SUPPLIED MATERIAL:
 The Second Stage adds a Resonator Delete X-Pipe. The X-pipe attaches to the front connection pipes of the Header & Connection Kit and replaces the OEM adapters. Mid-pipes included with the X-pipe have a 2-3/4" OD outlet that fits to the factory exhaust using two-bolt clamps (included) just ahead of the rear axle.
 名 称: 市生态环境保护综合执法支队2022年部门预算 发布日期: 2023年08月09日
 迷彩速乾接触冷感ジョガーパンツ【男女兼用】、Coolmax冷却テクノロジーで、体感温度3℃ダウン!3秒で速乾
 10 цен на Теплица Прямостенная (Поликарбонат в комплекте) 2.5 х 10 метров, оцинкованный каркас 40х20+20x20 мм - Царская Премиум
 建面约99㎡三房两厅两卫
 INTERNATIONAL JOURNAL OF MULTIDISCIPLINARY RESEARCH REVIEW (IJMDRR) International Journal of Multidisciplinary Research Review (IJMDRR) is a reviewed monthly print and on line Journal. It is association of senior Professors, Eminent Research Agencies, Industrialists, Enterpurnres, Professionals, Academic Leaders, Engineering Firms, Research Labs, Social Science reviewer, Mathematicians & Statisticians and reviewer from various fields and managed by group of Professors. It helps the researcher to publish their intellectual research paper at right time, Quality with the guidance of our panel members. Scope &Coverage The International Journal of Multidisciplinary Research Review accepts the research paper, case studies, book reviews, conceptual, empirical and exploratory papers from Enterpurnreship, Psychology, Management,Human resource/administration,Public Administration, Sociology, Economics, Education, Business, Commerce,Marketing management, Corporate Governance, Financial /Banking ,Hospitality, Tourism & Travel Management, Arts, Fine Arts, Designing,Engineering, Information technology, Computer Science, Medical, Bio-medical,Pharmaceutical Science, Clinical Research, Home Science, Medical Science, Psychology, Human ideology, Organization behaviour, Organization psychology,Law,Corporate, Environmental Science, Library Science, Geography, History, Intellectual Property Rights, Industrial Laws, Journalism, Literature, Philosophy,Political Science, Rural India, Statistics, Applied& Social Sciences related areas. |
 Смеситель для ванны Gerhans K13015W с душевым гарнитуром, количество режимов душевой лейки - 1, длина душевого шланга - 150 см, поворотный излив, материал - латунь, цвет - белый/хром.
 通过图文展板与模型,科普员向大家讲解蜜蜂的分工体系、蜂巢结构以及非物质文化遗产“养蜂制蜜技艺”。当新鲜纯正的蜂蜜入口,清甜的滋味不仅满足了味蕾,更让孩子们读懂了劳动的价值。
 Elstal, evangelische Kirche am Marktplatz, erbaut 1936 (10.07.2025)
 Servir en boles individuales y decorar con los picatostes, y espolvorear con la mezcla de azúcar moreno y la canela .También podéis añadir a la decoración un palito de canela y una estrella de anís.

WHAT YOU HAVE TO DO: Find the line that contains "建面约99㎡三房两厅两卫" in the listing above. Retype it and every line after it up to the last, exactly, and nothing else.

PROBLEM SOLUTION:
 建面约99㎡三房两厅两卫
 INTERNATIONAL JOURNAL OF MULTIDISCIPLINARY RESEARCH REVIEW (IJMDRR) International Journal of Multidisciplinary Research Review (IJMDRR) is a reviewed monthly print and on line Journal. It is association of senior Professors, Eminent Research Agencies, Industrialists, Enterpurnres, Professionals, Academic Leaders, Engineering Firms, Research Labs, Social Science reviewer, Mathematicians & Statisticians and reviewer from various fields and managed by group of Professors. It helps the researcher to publish their intellectual research paper at right time, Quality with the guidance of our panel members. Scope &Coverage The International Journal of Multidisciplinary Research Review accepts the research paper, case studies, book reviews, conceptual, empirical and exploratory papers from Enterpurnreship, Psychology, Management,Human resource/administration,Public Administration, Sociology, Economics, Education, Business, Commerce,Marketing management, Corporate Governance, Financial /Banking ,Hospitality, Tourism & Travel Management, Arts, Fine Arts, Designing,Engineering, Information technology, Computer Science, Medical, Bio-medical,Pharmaceutical Science, Clinical Research, Home Science, Medical Science, Psychology, Human ideology, Organization behaviour, Organization psychology,Law,Corporate, Environmental Science, Library Science, Geography, History, Intellectual Property Rights, Industrial Laws, Journalism, Literature, Philosophy,Political Science, Rural India, Statistics, Applied& Social Sciences related areas. |
 Смеситель для ванны Gerhans K13015W с душевым гарнитуром, количество режимов душевой лейки - 1, длина душевого шланга - 150 см, поворотный излив, материал - латунь, цвет - белый/хром.
 通过图文展板与模型,科普员向大家讲解蜜蜂的分工体系、蜂巢结构以及非物质文化遗产“养蜂制蜜技艺”。当新鲜纯正的蜂蜜入口,清甜的滋味不仅满足了味蕾,更让孩子们读懂了劳动的价值。
 Elstal, evangelische Kirche am Marktplatz, erbaut 1936 (10.07.2025)
 Servir en boles individuales y decorar con los picatostes, y espolvorear con la mezcla de azúcar moreno y la canela .También podéis añadir a la decoración un palito de canela y una estrella de anís.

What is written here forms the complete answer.